WHAT IS EXPECTED: Go to the line below that has "Honolulu Weekly 5-25-11", print it and each line after it exactly, and stop after the line that has "This elegant Gucci"; leave out pictures.

DATA FOR ANALYSIS:
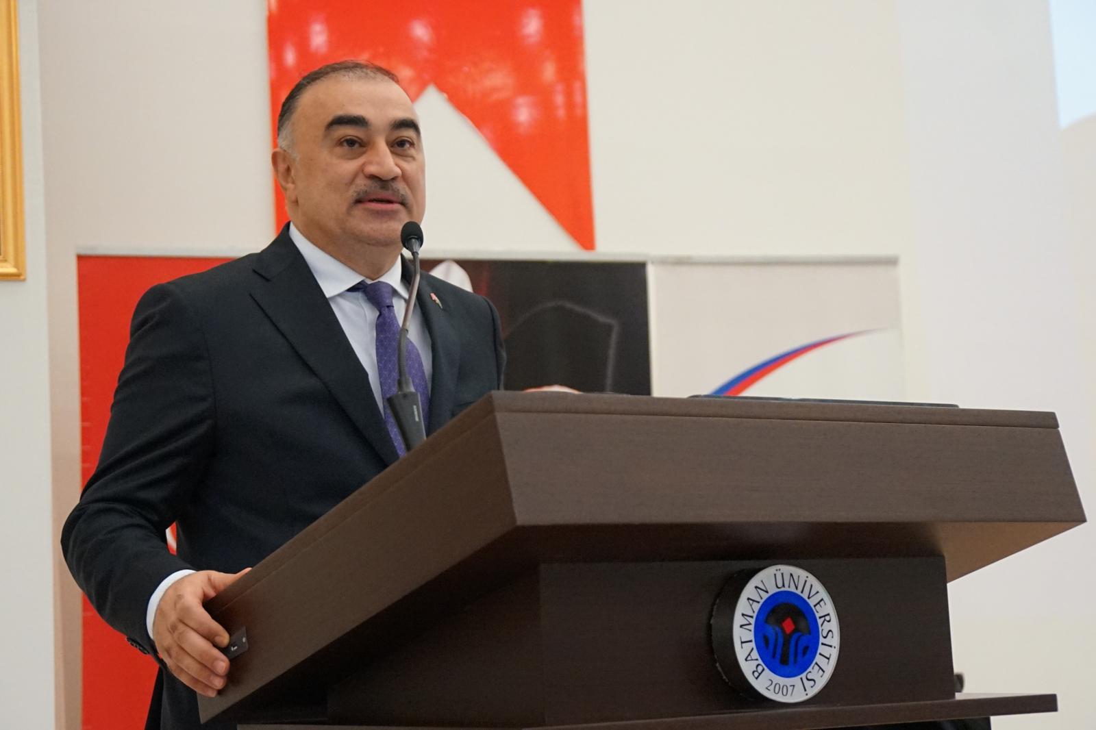 Programın açılış konuşmasını yapan Rektör Prof. Dr. İdris Demir, Türkiye ile Azerbaycan arasındaki bağların güçlü bir kardeşlik temeline dayandığını vurgulayarak, “Bizim aramızda sınırlar değil, sevgiler vardır. İki devlet olabiliriz ama tek bir milletiz. Aynı kaderin ve aynı geleceğin insanlarıyız. Türkiye ve Azerbaycan’ın ortak çalışmalarıyla bilimin, kültürün, enerjinin ve kardeşliğin yükseldiği bir geleceği birlikte inşa edeceğimize inanıyorum.” ifadelerini kullandı. Konser öncesi öğrencilere kısa bir konferans veren ve bu kapsamda Üniversitemizin bölgesinde güçlü bir üniversite olduğunu vurgulayan Büyükelçi Dr. Reşad Memmedov, “Batman Üniversitesi bünyesindeki öğrencilerle ve Sayın Rektörümüzle her zaman görüşmelerimiz olmaktadır. Büyükelçiliğimiz ile Batman arasında sürekli bir iletişim vardır. Batman Üniversitesi ile Azerbaycan üniversiteleri arası iş birliklerinin geliştirilmesi yönünde görüşmeler yürütmekteyiz. Bugün bu program sayesinde benim için de önemli bir fırsat oluştu. Azerbaycan’ı daha yakından tanıtma ve Türkiye–Azerbaycan ilişkilerine katkı sunma imkânı bulduk. Batman Üniversitesi Rektörü Sayın Prof. Dr. İdris Demir’e misafirperverlikleri için teşekkür ederim” dedi. Konuşmasının devamında öğrencilerin sorularını yanıtlayan Büyükelçi Dr. Memmedov, Türkiye ve Azerbaycan’ın bölgesel ve küresel iş birliği çerçevesinde hareket eden kardeş iki ülke olduğunu vurgulayarak Cumhurbaşkanımız Sayın Recep Tayyip Erdoğan’ın ülkelerine olan güçlü destekleri üzerinde durdu.
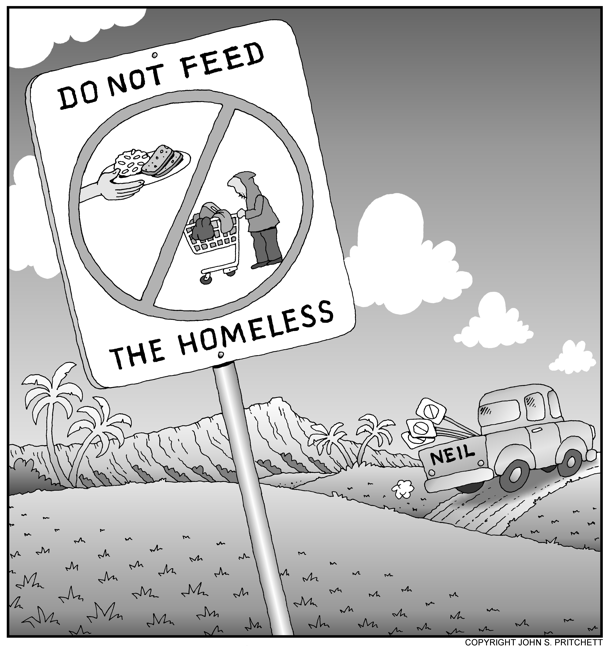 Honolulu Weekly 5-25-11 Do not feed the homeless says Hawaii Governor Neil Abercrombie. | See it in Color Next Cartoon | Previous Cartoon | 2011 | Archives | Home | Search
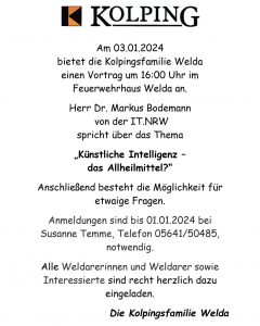 Herzliche Einladung der Kolpingsfamilie Welda!
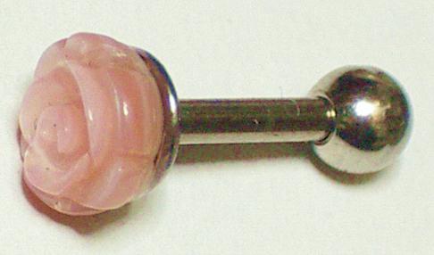 天然ピンクシェルバラの花つき純チタン製軟骨・耳たぶ兼用ピアス(18G、16G、14G)
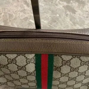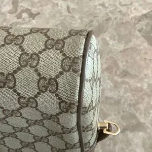 This elegant Gucci messenger bag showcases the iconic GG monogram in a sophisticated cream and brown color palette.
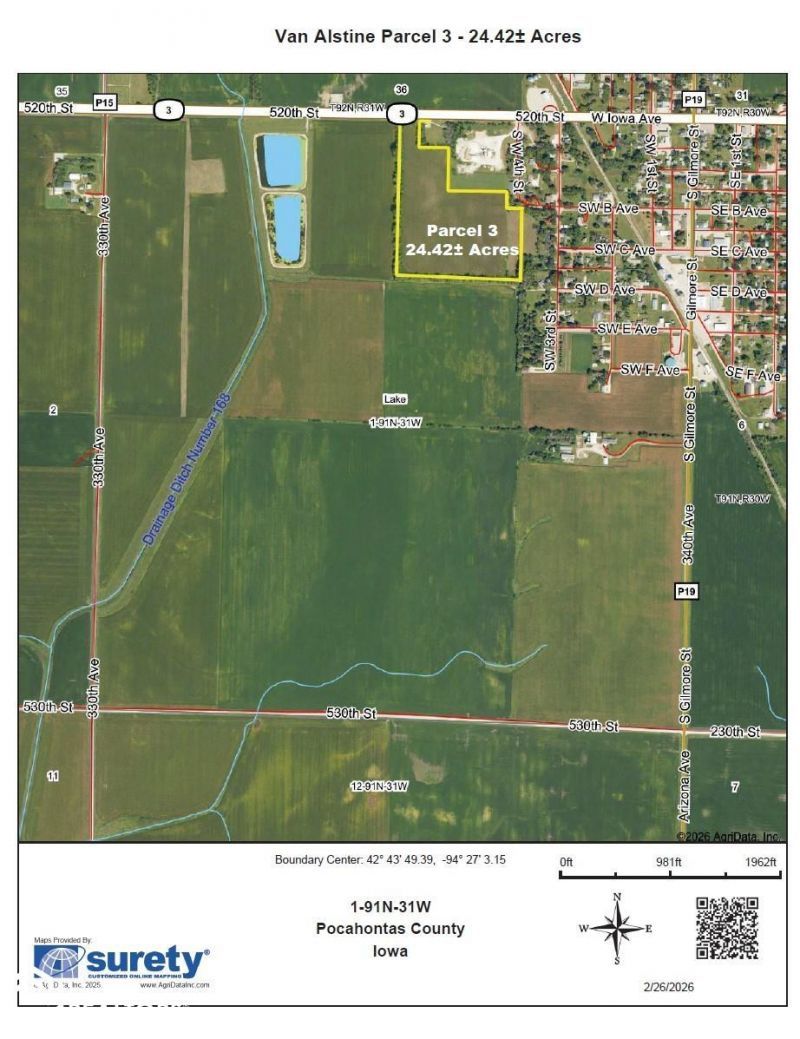 Open farm lease for 2026! Waste no time and start earning profit immediately! Located just west of Gilmore City, Iowa, this farm is in the heartland of Iowa with great productive potential for corn and soybean crops. The property offers three separate parcels totaling 324.52± acres near local grain markets in Gilmore City. With field locations on hard surface roads, along with 4 round steel bins for storing grain, this farmland is an excellent addition for a local farmer or an investor looking for diversification. Mineral rights vested in current ownership will be conveyed along with the farmland, so the potential exists for future mineral income. Parcel 2 includes a grain bin site with 4 actively used bins with a total storage capacity of approximately 25,000 bushels. It also has a 30' x 36' Quonset shed for additional equipment storage. Parcel 3 boasts an outstanding CSR2 of 88.1 and is currently in hay production as well as the conservation reserve program (CRP). The CRP contract expires on September 30, 2026, allowing the opportunity for row crop production or expanded forage opportunities in the 2027 growing season. This field would be an excellent candidate for potential organic certification since it has been in a CRP contract for nearly 10 years. Rental Status: Current farm lease is terminated effective March 1, 2026. Full possession will be provided to the buyer at closing.
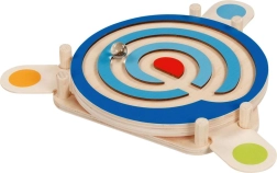 Ez a minőségi fa golyólabirintus órákig tartó, fókuszált szórakozást kínál. A körkörös, színekkel megkülönböztetett pályák különböző útvonalakon vezetik a golyót, támogatva a precíz mozdulatokat és a stratégiai tervezést. A tartós kivitel és a sima élek biztonságos játékot garantálnak.

YOUR RESPONSE:
 Honolulu Weekly 5-25-11 Do not feed the homeless says Hawaii Governor Neil Abercrombie. | See it in Color Next Cartoon | Previous Cartoon | 2011 | Archives | Home | Search
 Herzliche Einladung der Kolpingsfamilie Welda!
 天然ピンクシェルバラの花つき純チタン製軟骨・耳たぶ兼用ピアス(18G、16G、14G)
 This elegant Gucci messenger bag showcases the iconic GG monogram in a sophisticated cream and brown color palette.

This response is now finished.